The turnover in Monroe began in early 2023 when Karen Wheeler, the supervisor since 2017, resigned following pressure that came mostly from her fellow Republicans over a mistake during the Nov. 2022 vote count. About 6,600 ballots were not added until the next morning, after unofficial results had already been sent to the Secretary of State.

Wheeler, 67, told The Associated Press that the early voting results had been kept on a digital storage device and were added to the unofficial tally by 9 a.m. that Wednesday. She said she took the blame and resigned to avoid being fired by the Democratic county clerk, but stands by the performance of her staff.

“Some people are always suspicious of elections, but people who know who we are had a lot of confidence,” Wheeler said.

The county clerk, Nicole Browne, did not return the AP’s phone and email messages requesting comment.

Wheeler said an election training specialist hired before her resignation was prepared by the county to succeed her, but she quit just weeks after Wheeler left. Three others then briefly filled the job — one stayed only a month.

Wheeler said she both loved and hated the job. She administered eight elections and oversaw more than 80 workers during early voting and 300 each Election Day. Wheeler described the role as liaison between candidates, the media, vendors, the state and the public. The election supervisor also writes ballots specific to each precinct.

“It’s an extremely difficult job,” Wheeler said. “And with Monroe County the pay was pretty low” — around $37,000 for the full-time, year-round work.

The starting pay was increased to $55,674 for the latest hire, according to a county job posting.

Elections are becoming increasingly complex, the laws governing them change regularly, and the high turnover means officials stepping into these roles are less likely to be aware of resources that can help them, said Liz Howard, a election expert with the Brennan Center for Justice.

In Indiana, for example, a bill proposed this year would add a proof of residency requirement for first-time voters registering in-person.

“Many people are unaware of the complexity and all the work that it takes to make that process so easy for voters,” Howard said.
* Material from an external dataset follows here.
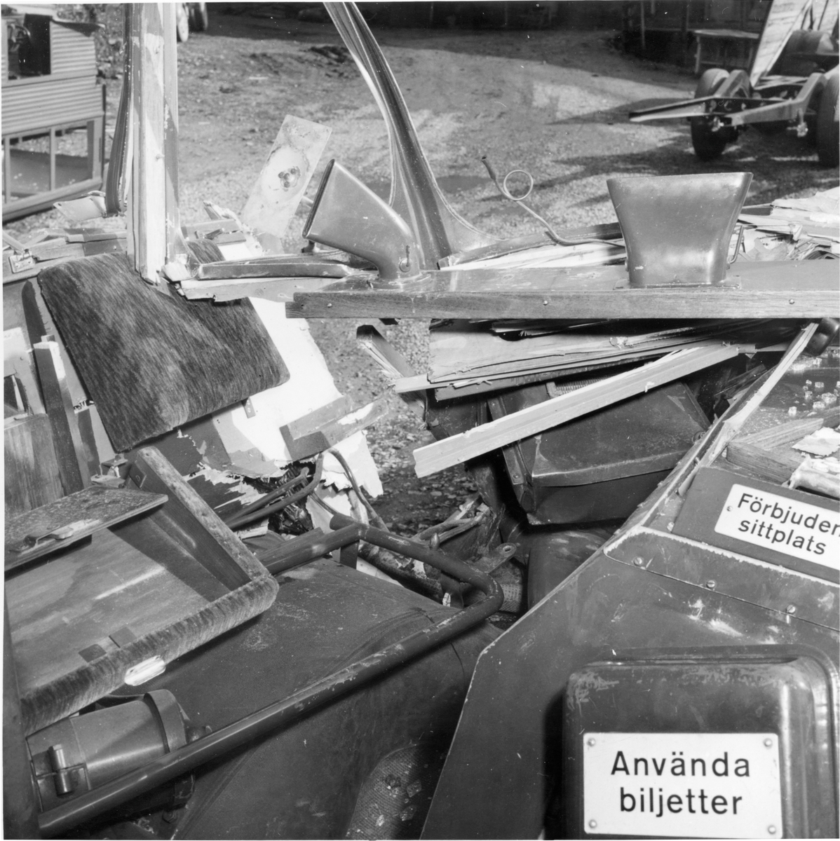 Krockskadad Statens Järnvägar, SJ buss 1348 väntar på reparation.

None of the Monroe officials reported being threatened, but such incidents are up sharply around the nation. Indiana lawmakers may join other states in increasing criminal penalties for threatening election workers, and the Justice Department formed a task force to address threats.

Monroe’s party chairs, Democrat David Henry and Republican Taylor Bryant, praised Wheeler and lamented the office turnovers after her departure.
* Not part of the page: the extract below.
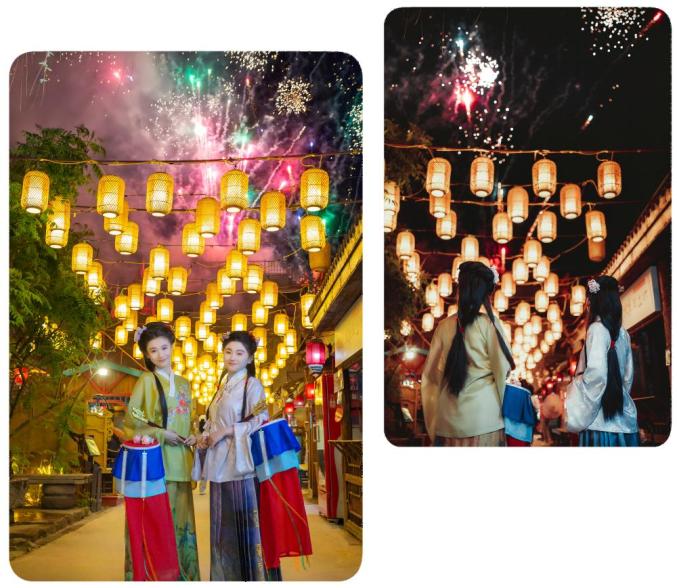 为了更好的打卡烟花,我们选择了黑风关演出背面的街坊作为打卡点摆好角度和机位,烟花大片轻松到手摄影师推荐:虽然佳人配合天上的烟花超出片,但是这个街坊的人也不少,一定要注意安全。

“That institutional memory is really hard to replace and replicate in a short period of time,” Henry said.

While Shaw, who has worked with the newly promoted supervisor before, said she is glad Kylie Moreland is reliable and has some experience, there is always a chance that a presidential election won’t go smoothly.

“It would be an awful job if you just got thrown in,” Wheeler said.

Moreland developed a passion for election law and the process last fall, and wants to build a lifelong career at “election central.” Despite lacking years of experience, she feels well prepared after working the November election and has support from the Indiana Elections Division, she said.

Indiana Secretary of State Diego Morales announced this year that more than 60 counties will split $2 million in federal funding for election security and other projects. Monroe County is not among them. His office said additional funding opportunities are being discussed.

As for Wheeler, she works now for the county parks and recreation department and volunteers to teach voter registration training.

“I have a much easier job and I get paid the exact same,” she said.